REQUIREMENT: Omit any pictures, and restate word for word only the lines from the one with "A1:【产品—Temu本土—" through the end of the data below.

DATA EXTRACT:
________________________________________

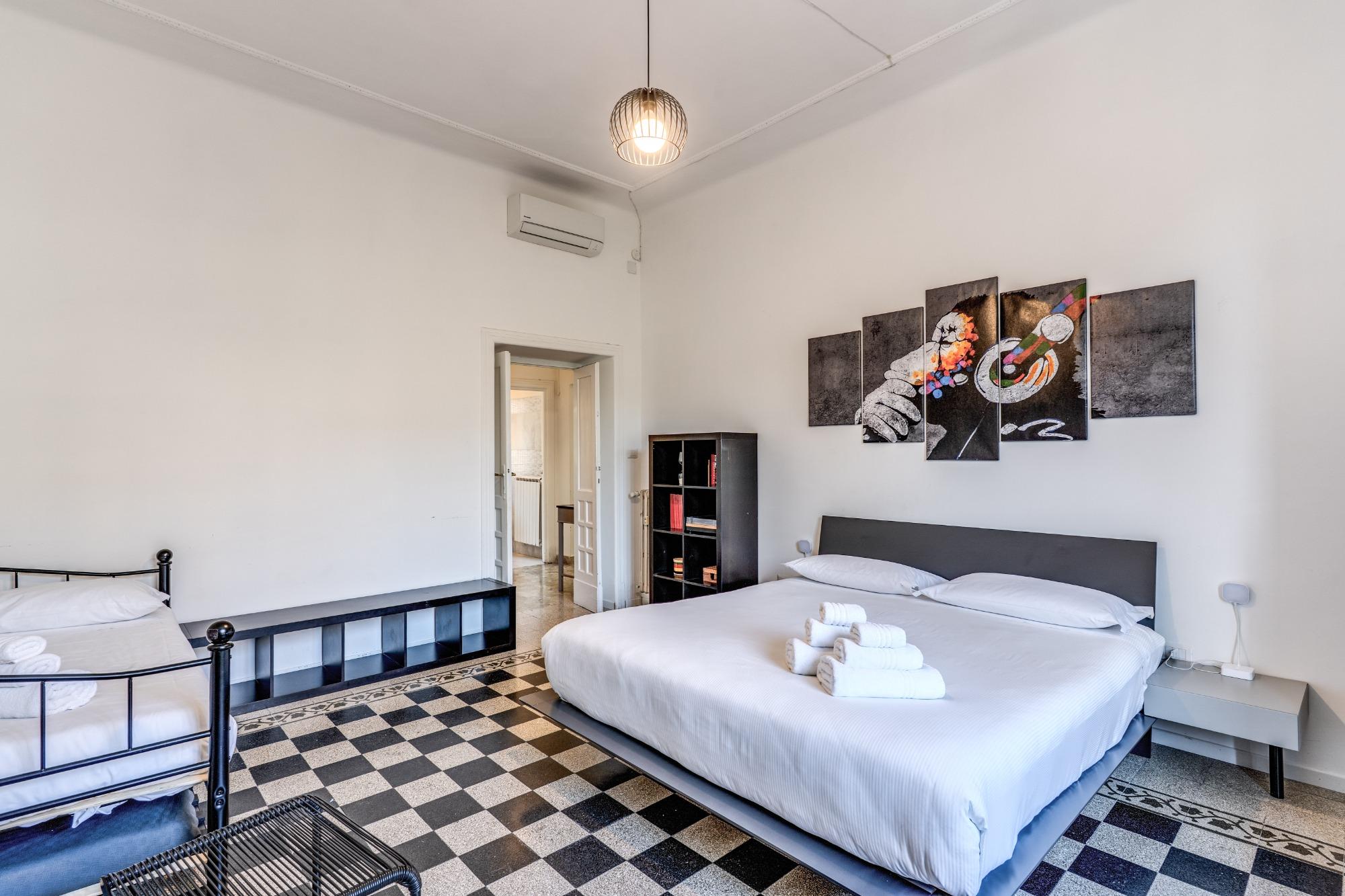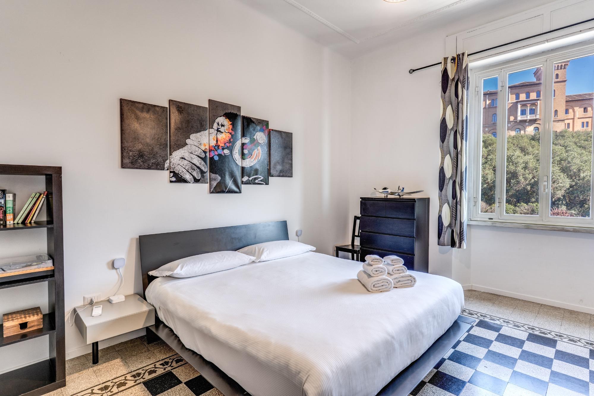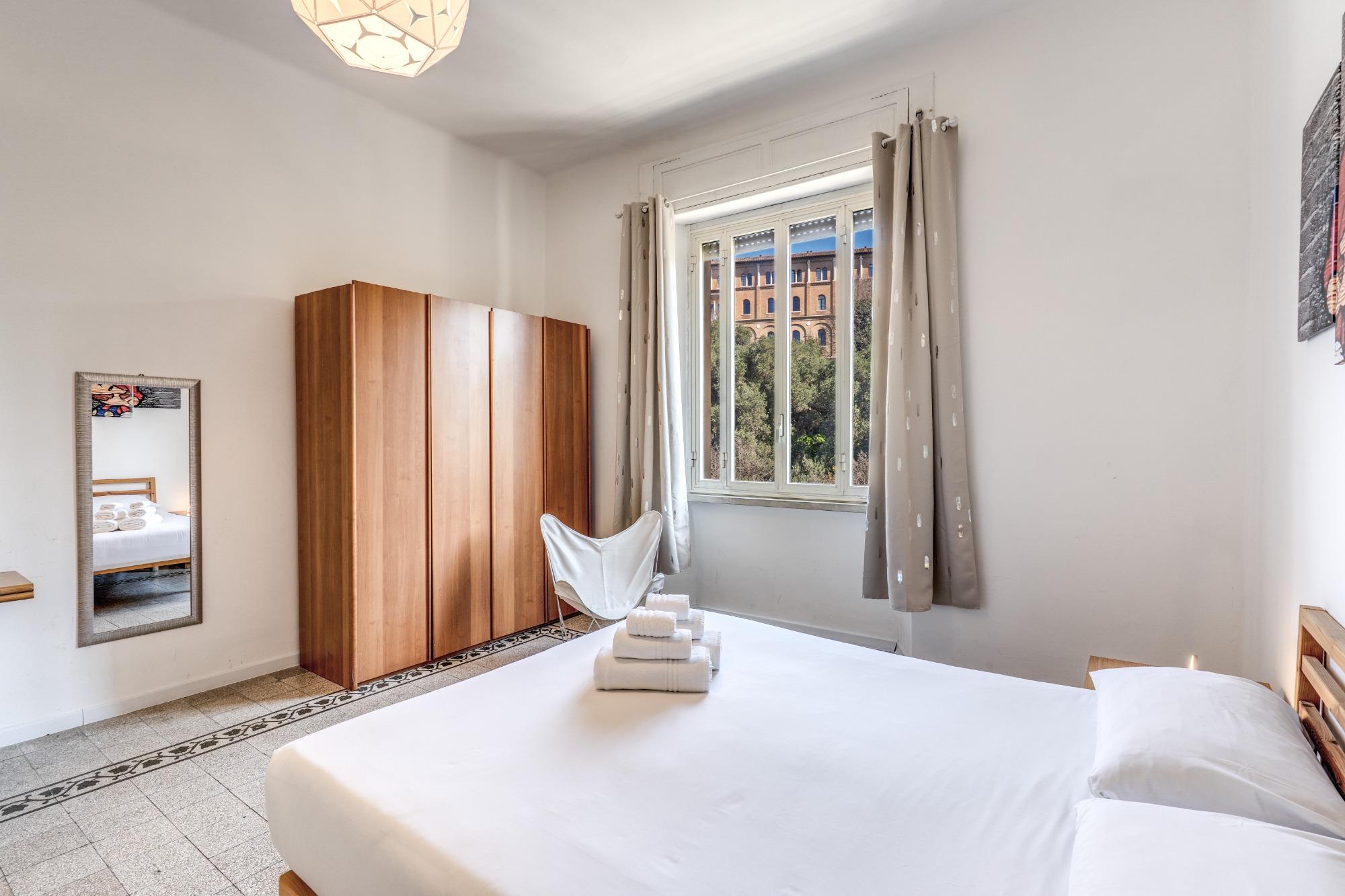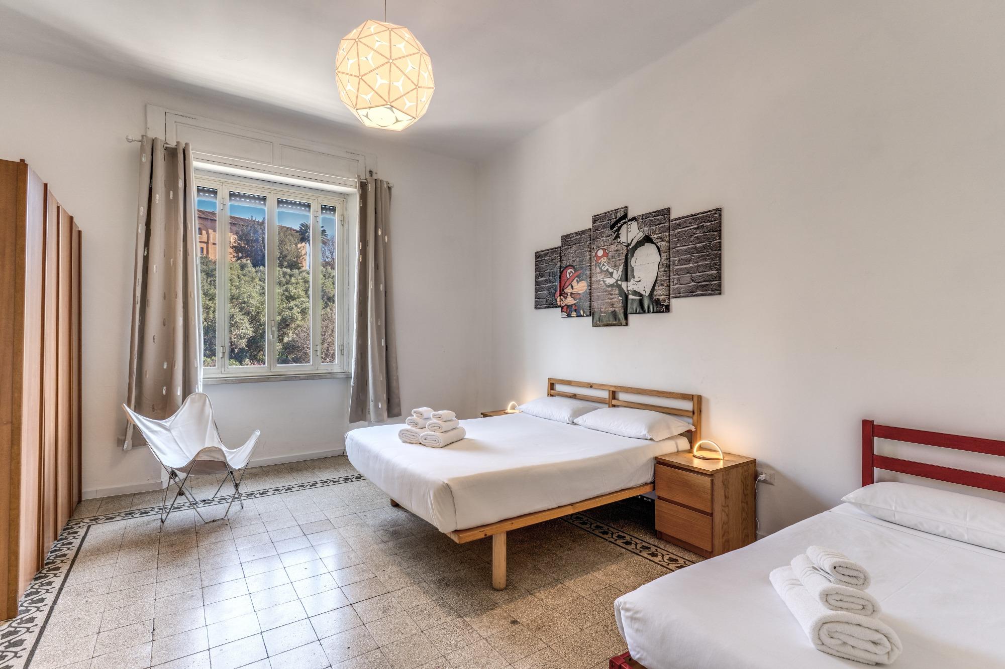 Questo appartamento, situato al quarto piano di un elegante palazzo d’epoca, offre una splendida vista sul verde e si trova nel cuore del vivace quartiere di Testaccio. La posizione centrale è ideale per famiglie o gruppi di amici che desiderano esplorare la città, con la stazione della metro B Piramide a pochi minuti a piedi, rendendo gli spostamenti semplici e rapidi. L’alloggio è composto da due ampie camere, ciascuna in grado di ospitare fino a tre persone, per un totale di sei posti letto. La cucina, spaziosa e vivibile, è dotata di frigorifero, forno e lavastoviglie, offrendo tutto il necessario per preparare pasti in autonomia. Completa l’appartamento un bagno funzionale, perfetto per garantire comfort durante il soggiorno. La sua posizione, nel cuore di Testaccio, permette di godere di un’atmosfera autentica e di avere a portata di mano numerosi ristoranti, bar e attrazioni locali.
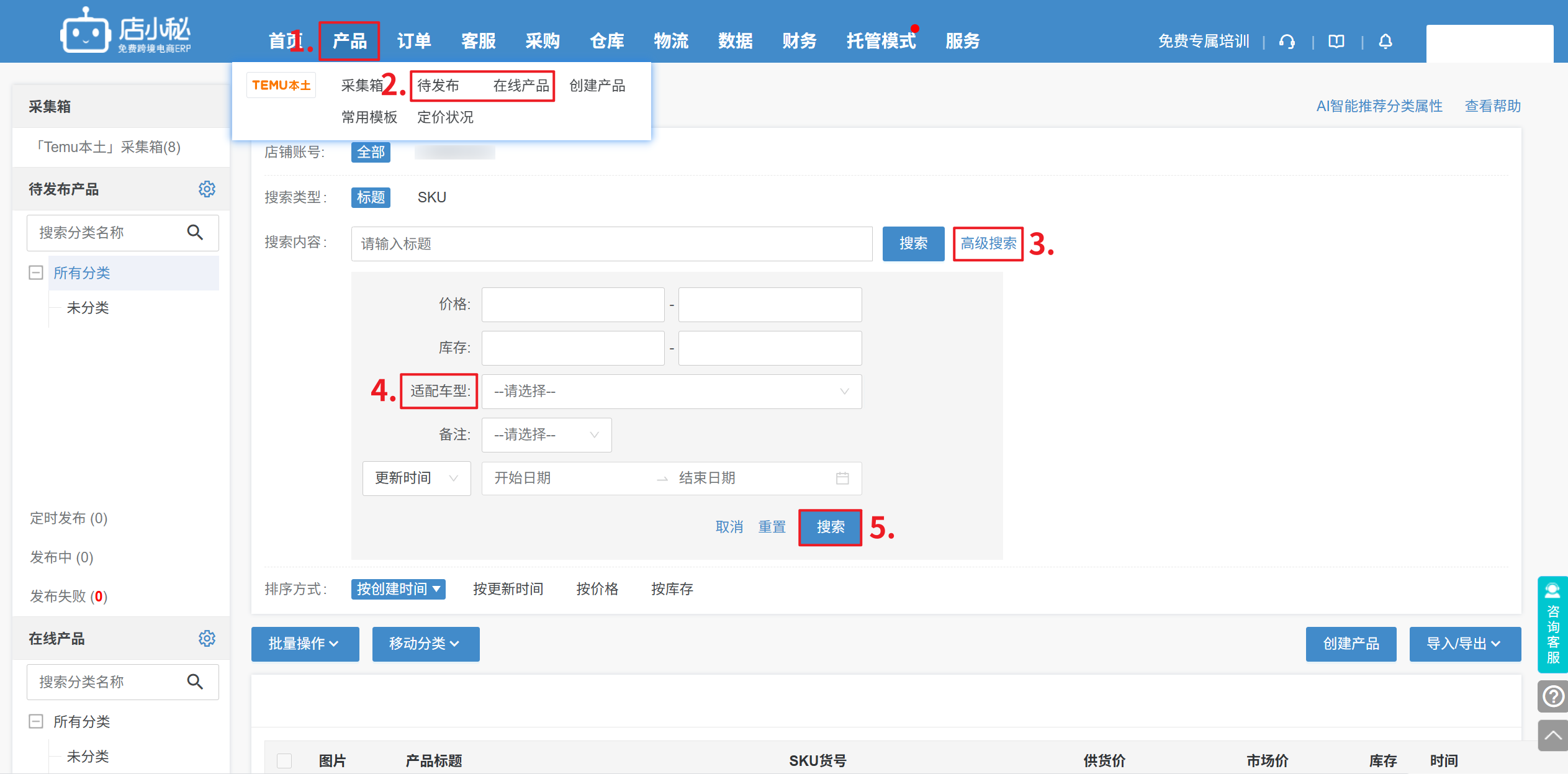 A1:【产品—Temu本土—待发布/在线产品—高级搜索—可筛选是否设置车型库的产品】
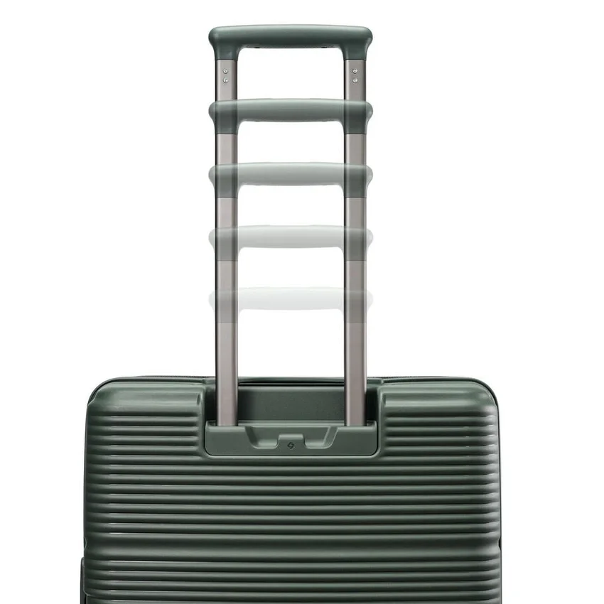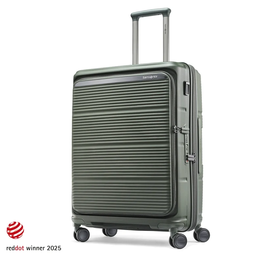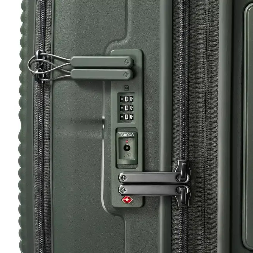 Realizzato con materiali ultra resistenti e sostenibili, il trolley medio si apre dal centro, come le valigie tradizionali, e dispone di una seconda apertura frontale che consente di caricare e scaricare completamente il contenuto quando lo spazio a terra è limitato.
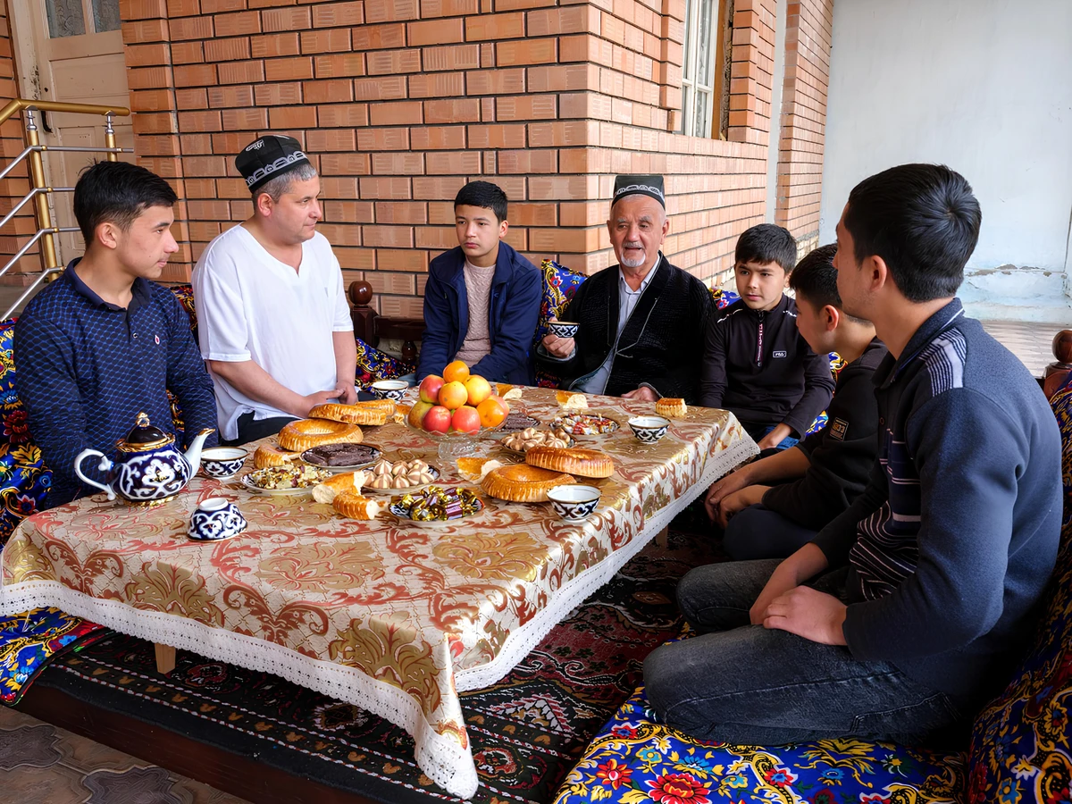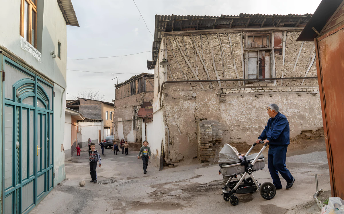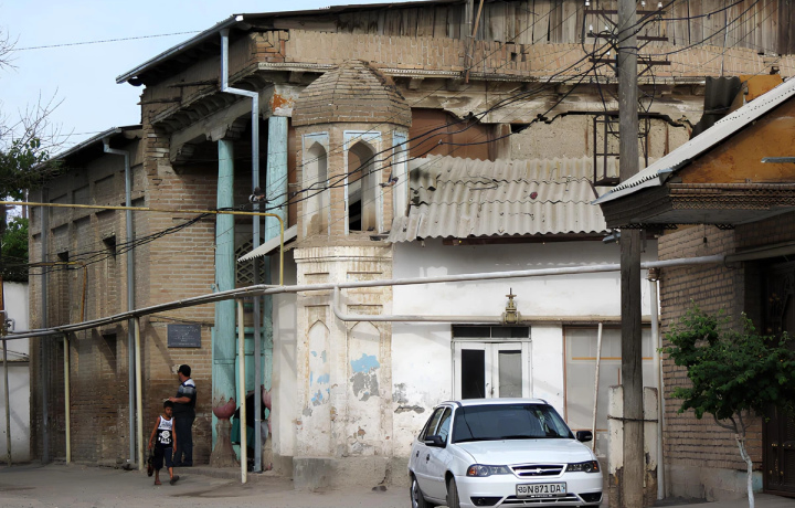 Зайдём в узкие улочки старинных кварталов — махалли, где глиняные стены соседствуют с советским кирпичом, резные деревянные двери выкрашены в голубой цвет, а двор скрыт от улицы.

________________________________________

ANSWER TO THIS TASK:
 A1:【产品—Temu本土—待发布/在线产品—高级搜索—可筛选是否设置车型库的产品】
 Realizzato con materiali ultra resistenti e sostenibili, il trolley medio si apre dal centro, come le valigie tradizionali, e dispone di una seconda apertura frontale che consente di caricare e scaricare completamente il contenuto quando lo spazio a terra è limitato.
 Зайдём в узкие улочки старинных кварталов — махалли, где глиняные стены соседствуют с советским кирпичом, резные деревянные двери выкрашены в голубой цвет, а двор скрыт от улицы.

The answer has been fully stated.